Il est 20h30.

Mon téléphone sonne.

"Bonsoir. Je m'excuse de vous déranger, mais mon chat ne va pas bien. Il ne bouge presque plus, il a l'air très fatigué. Je sais, il est très âgé, mais..."
Je ne la laisse pas continuer. Je sais qui elle est, je connais son chat. Il a 19 ans. Je sais que ce n'est pas une urgence. Mais pour elle, pour lui, je n'hésite pas.
"On se retrouve dans dix minutes à la clinique ?
- Merci"

J'ai 2 kilogrammes 600 de chat sur la table. 2 kilo 600 qui ont traversé 19 années, 2 kilo 600 un peu déshydratés.
C'est sa fille qui est venue. J'aime bien ces deux femmes. Elles sont sans doute un peu trop... chats, mais elles ont une attitude saine et digne face à la mort. Je sais que je n'aurais pas de crise, pas de passion, pas de hurlements.

"Je sais qu'il est très âgé. Je sais qu'il est à la fin de sa vie. Mais je voudrais juste savoir s'il est juste trop vieux, ou s'il y a autre chose. Je ne voudrais pas mal comprendre."

Sa voix est très douce, posée, les mots sont choisis. On m'a rarement dit de tels mots de cette façon là. Je devine qu'il serait indécent de s'acharner. Dragon est venu pour mourir.

Je prononce quelques mots sur la fin de vie des chats. "Généralement, les chats meurent car leurs reins ne fonctionnent plus. Buvait-il beaucoup ces derniers temps ?
- Non, je vois ce que vous voulez dire, mais non."
Un silence. Je caresse le chat. Il y a des traces d'urine sale autour de son prépuce. Alors que par ailleurs, il s'est toiletté.
"Par contre, un de nos chats a uriné dans la pièces où ils sont le plus souvent. Il faut dire que la litière est loin. Mais ils ne font jamais ça. Je ne sais pas si c'est lui."

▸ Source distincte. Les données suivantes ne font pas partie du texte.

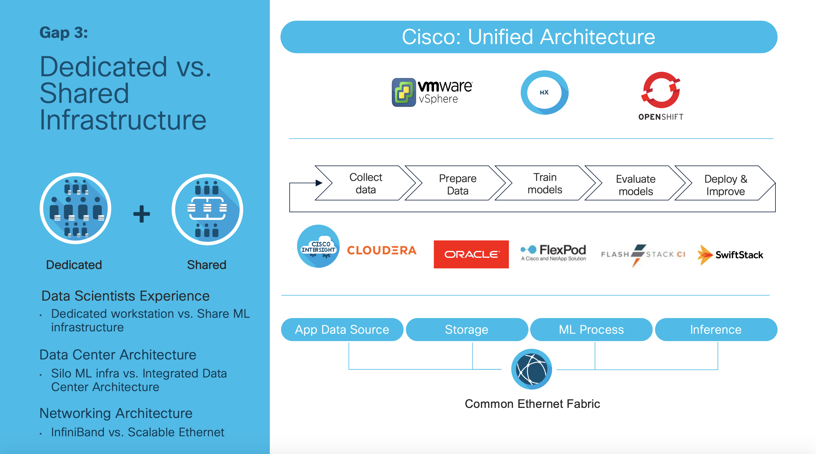 I have spoken with many data science teams who make it a practice to have GPU servers at their desk so that they have exclusive access. From an IT perspective, dedicated resources often have low utilization and difficulty justifying the added budget. As a result, Cisco has been working with a variety of partners, from VMware, Red Hat, and others, to create multiple cluster-wide solutions. For example, a Red Hat OpenShift cluster allows some resources to be dedicated and others to be shared. Hence, data science teams can have the dedicated resources for their own use, and have a pool of GPU resources to share when they want to do compute-intensive workloads, such as hyperparameter tuning. In a similar way, a cluster of HyperFlex with virtual GPU or PCI passthrough can also be shared and reserved for the data science team. With Cisco’s unified architecture, even mission critical applications, such as Oracle and SAP, run on the same architecture. These applications are important data sources for AI/ML, which is why IT, in using Cisco’s unified architecture, is able to create an architecture that can be scaled appropriately for both traditional enterprise applications as well as the latest AI/ML workloads. Cisco’s unifying architecture enables IT to accelerate AI/ML deployment, just as it has done with previous applications.

Dragon ronronne discrètement. Sa déshydratation est un indice d'insuffisance rénale, mais...

Je prends mon thermomètre.

"Il a de la fièvre. 39.2. Il n'est pas en train de mourir. Les chats qui partent n'ont pas de fièvre. Ils sont plutôt en hypothermie. Il est... juste malade. Et je crois que..."

J'attrape un petit haricot en métal, que je place entre les postérieurs de Dragon, puis je place délicatement les doigts de ma main droite autour de son minuscule abdomen, et ma main gauche sur son dos, entre ses omoplates, pour le maintenir. Sa vessie est entre mes doigts, je la presse doucement. Un jet d'urine, puis deux. Quelques gouttes. Assez pour moi.
J'emmène ces gouttes de vie dans le petit laboratoire.
Une bandelette urinaire. Du sang, des globules blancs, un pH acide.
Mon réfractomètre. Densité 1.018.
L'acide nitrique. Heller 2mm.
Je centrifuge les dernières gouttes de vie. Je ne dis rien.
Deux minutes se sont écoulées depuis le prélèvement d'urine. Je regarde le culot de centrifugation au microscope. Il grouille de bactéries, il y a beaucoup de globules blancs, mais pas de calcul.

Mon diagnostic tombe comme un acquittement.

"Votre chat a une cystite. Une banale infection de la vessie.
- Une bête cystite ? Comme moi ?"

La jeune femme laisse échapper un rire gracieux.

"Et vous avez pu savoir ça en si peu de temps ?
- Il a eu la bonne idée de ne pas avoir la vessie vide..."

Un silence. Je devine le ronronnement du chat qui s'appuie contre ma main, posée sur son dos.

"Il n'est pas venu pour mourir, finalement. Je vais lui injecter un antibiotique qui agira deux semaines, un antispasmodique pour la douleur, et je vais lui faire une injection de liquide de réhydratation sous la peau. Même s'il est très âgé, et fragile, il devrait aller mieux demain."

J'adore l'atmosphère apaisée de la clinique alors que, dehors, la tempête fait rage.